-- Task prompt --
Without the pictures, reproduce the records that follow exactly.

[Provided data]

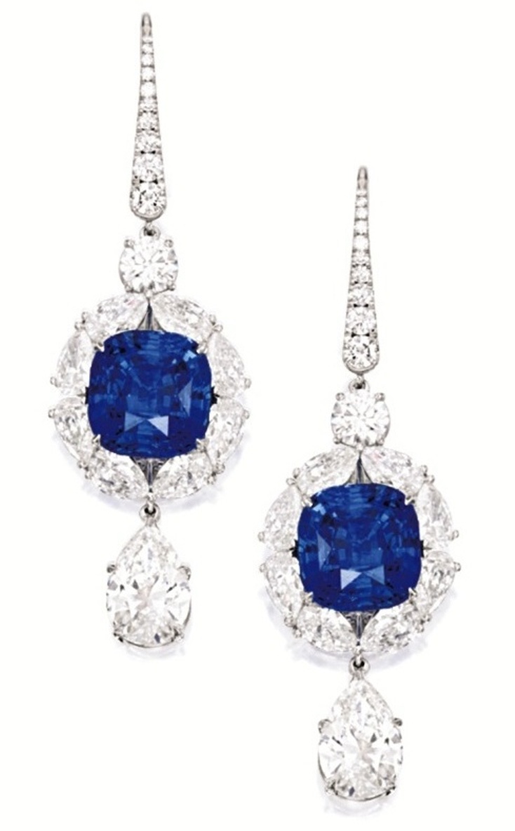 Lot 1779 - was a Pair of Sapphire and Diamond Pendant Earrings - The centerpiece of each pendant earring, was a cushion-shaped Ceylon sapphire, weighing 8.90 carats and 7.86 carats, surrounded by a row of 8 pear-shaped diamonds and another pear-shaped diamond, the largest in the earring, suspended from below, surmounted by a circular-cut diamond; the whole arrangement being suspended from an elongated inverted cone-shaped structure, also set with circular-cut diamonds, that is fixed to the lobe of the ear by a post earring arrangement. . A pre-sale estimate of USD 70,851 - 83,733 was placed on the lot which sold slightly above the upper estimate for USD 88,564 working out to a ppc-value of USD 5,284.
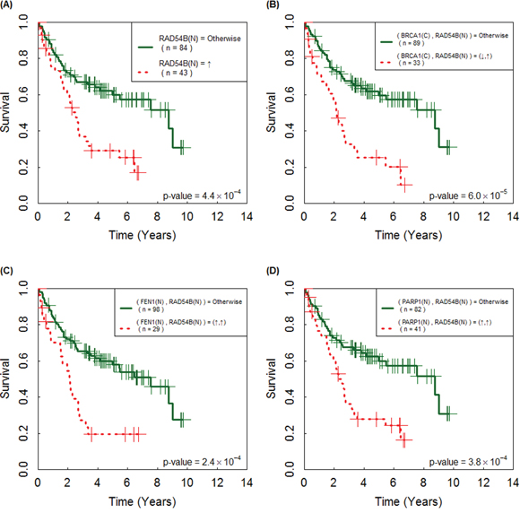 IHC of RAD54B↑, BRCA1↓-RAD54B↑, FEN1(N)↑-RAD54B↑and PARP1↑-RAD54B↑were shown to be prognostic markers, independent of age and stage, for 131 Asian LADC patients. Importantly, these markers were confirmed by three independent gene expression data sets from diverse geographic regions and ethnicities (a total of 426 LADC patients), a Japanese cohort (GSE13213, n = 117), HLM of GSE68465 and TCGA (n = 230, ~99% non-Asian subjects).
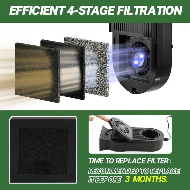 Díky čtyřstupňové filtraci včetně aktivního uhlí účinně odstraňuje pachy, znečištění a škodlivé částice z ovzduší, čímž zajišťuje zdravé a bezpečné prostředí pro chované živočichy. Vestavěná UV germicidní lampa navíc pomáhá eliminovat mikroorganismy a zvyšuje úroveň hygieny.
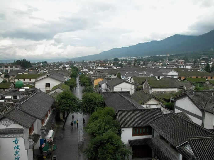 城内由南到北,一条大街横贯其中,深街幽巷,由西到东纵横交错,全城清一色的清瓦屋面,鹅卵石堆砌的墙壁,显示着大理的古朴、别致。
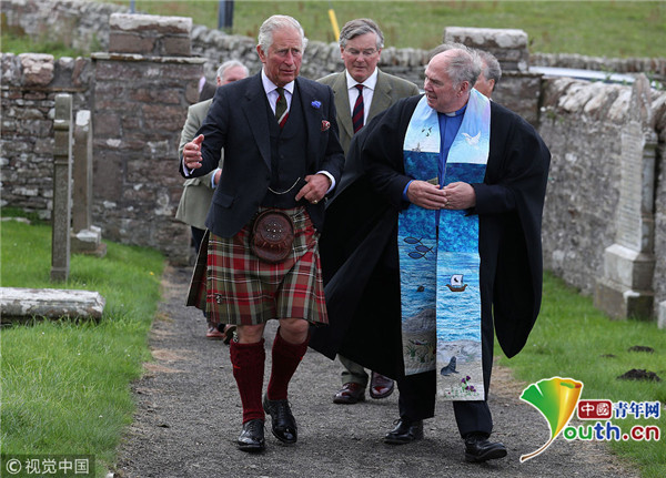 英国威尔士亲王访问苏格兰 穿方格裙造访教堂

[/Provided data]

-- Response to this exercise --
 Lot 1779 - was a Pair of Sapphire and Diamond Pendant Earrings - The centerpiece of each pendant earring, was a cushion-shaped Ceylon sapphire, weighing 8.90 carats and 7.86 carats, surrounded by a row of 8 pear-shaped diamonds and another pear-shaped diamond, the largest in the earring, suspended from below, surmounted by a circular-cut diamond; the whole arrangement being suspended from an elongated inverted cone-shaped structure, also set with circular-cut diamonds, that is fixed to the lobe of the ear by a post earring arrangement. . A pre-sale estimate of USD 70,851 - 83,733 was placed on the lot which sold slightly above the upper estimate for USD 88,564 working out to a ppc-value of USD 5,284.
 IHC of RAD54B↑, BRCA1↓-RAD54B↑, FEN1(N)↑-RAD54B↑and PARP1↑-RAD54B↑were shown to be prognostic markers, independent of age and stage, for 131 Asian LADC patients. Importantly, these markers were confirmed by three independent gene expression data sets from diverse geographic regions and ethnicities (a total of 426 LADC patients), a Japanese cohort (GSE13213, n = 117), HLM of GSE68465 and TCGA (n = 230, ~99% non-Asian subjects).
 Díky čtyřstupňové filtraci včetně aktivního uhlí účinně odstraňuje pachy, znečištění a škodlivé částice z ovzduší, čímž zajišťuje zdravé a bezpečné prostředí pro chované živočichy. Vestavěná UV germicidní lampa navíc pomáhá eliminovat mikroorganismy a zvyšuje úroveň hygieny.
 城内由南到北,一条大街横贯其中,深街幽巷,由西到东纵横交错,全城清一色的清瓦屋面,鹅卵石堆砌的墙壁,显示着大理的古朴、别致。
 英国威尔士亲王访问苏格兰 穿方格裙造访教堂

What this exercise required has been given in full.